- Ashley-Cooper in 1927
- Tenure: 1900–1947
- Other names: Lord Ashley
- Known for: Son of 9th Earl of Shaftesbury
- Born: 4 October 1900 Wimborne St Giles, Dorset, England
- Died: 8 March 1947 (aged 46) Wimborne St Giles, Dorset, England
- Locality: Dorset
- Spouses: ; Sylvia Ashley ​ ​(m. 1927; div. 1934)​ ; Françoise Soulier ​ ​(m. 1937)​
- Issue: Anthony Ashley-Cooper, 10th Earl of Shaftesbury

= Anthony Ashley-Cooper, Lord Ashley =

British Army officer (1900–1947)

Anthony Ashley-Cooper, Lord Ashley, OStJ, TD, DL (4 October 1900 – 8 March 1947), was a British Army officer. As the eldest son of Anthony Ashley-Cooper, 9th Earl of Shaftesbury (his mother was Shaftesbury's wife Lady Constance Sibell Grosvenor), he used the courtesy title "Lord Ashley".

==Family life==
Ashley was married first to Sylvia Hawkes. They were married on 3 February 1927 and divorced on 28 November 1934. Lord Ashley shocked London society by marrying Hawkes, an English model and actress from the chorus line. They were divorced after she began an affair with the American actor Douglas Fairbanks Sr. who was named as co-respondent in the petition for divorce.

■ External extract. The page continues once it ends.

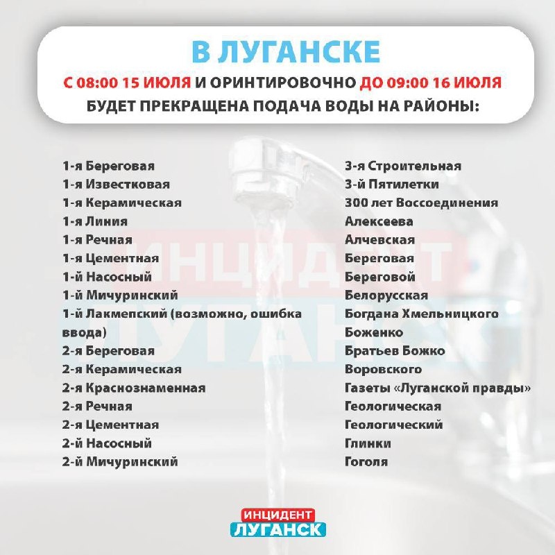 💦С 15 по 16 июля в городе будет масштабное отключение воды В этих числах будет ремонт на электроподстанциях. Адреса, где будут отключения, в карточках☝🏻 Информацию по вашему району можете уточнить у диспетчера Луганскводы по номерам: ▪️+79591121050 ▪️+79591131050 Источник: Инцидент Луганск. ————— Поддержите канал Подпиской на "Сыны Отечества" или Голосом за канал ✅ подписаться |⚡️проголосовать 📲Наш проект в социальных сетях: Вконтакте, Одноклассники, Дзен, RuTube

Lord Ashley's second wife was the French-born Françoise Soulier (1914–1999), the daughter of Georges Soulier of Caudebec-en-Caux, France. Lord Ashley and Soulier were married on 31 March 1937 and remained married until his death in 1947. Their two children were:
- Anthony Ashley-Cooper, 10th Earl of Shaftesbury (22 May 1938 – c. 5 November 2004)
- Lady Frances Mary Elizabeth Ashley-Cooper (born 9 April 1940).

Lord Ashley was heir apparent to the earldom of Shaftesbury throughout his life. On 8 November 1943, his father appointed him a deputy lieutenant of Dorset. However, at age 46, Ashley died unexpectedly of heart disease before his father, making his son, also named Anthony Ashley-Cooper, heir apparent, inheriting the earldom in 1961 upon the death of his grandfather, the 9th Earl of Shaftesbury.

==Military service==
Lord Ashley was a cadet in the Eton College contingent of the Officers' Training Corps. He was commissioned a second lieutenant in the 94th (Dorset & Somersetshire Yeomanry) Field Brigade, Royal Artillery, on 26 June 1925. On 1 May 1926, he transferred to the Royal Wiltshire Yeomanry with the same rank. Lord Ashley was promoted to lieutenant on 12 March 1929. Soon after, on 25 May 1929, he was seconded away from the regiment to serve, from 19 August, as an aide-de-camp to Sir Frederick Sykes, Governor of Bombay, and restored to the establishment on 19 April 1930. He was restored to his unit on 2 May 1931. Lord Ashley was promoted to captain on 26 June 1937, and to major on 5 March 1938. On 5 January 1940, he was removed from the Wiltshire Yeomanry and placed on the general list of Yeomanry officers.

Major Lord Ashley was transferred to the Intelligence Corps on 22 July 1940, having requested to serve as a captain during World War II. He served with the Auxiliary Units, which were highly covert Resistance groups trained to engage and counteract the expected invasion of the United Kingdom by Nazi Germany. Members of the Auxiliary Unit were stationed in covert hidden bunkers scattered throughout Great Britain. While Major Lord Ashley was trained at Coleshill House near Highworth, Wiltshire, specific details regarding his assignments and operational base remain classified.

On 18 December 1941, he was transferred to the Territorial Army reserve of officers for the Royal Armoured Corps, Royal Tank Regiment. He was posthumously awarded the Efficiency Decoration in 1947.

==Order of St John==
On 24 December 1943, Lord Ashley was appointed an Officer of the Order of St John (OStJ).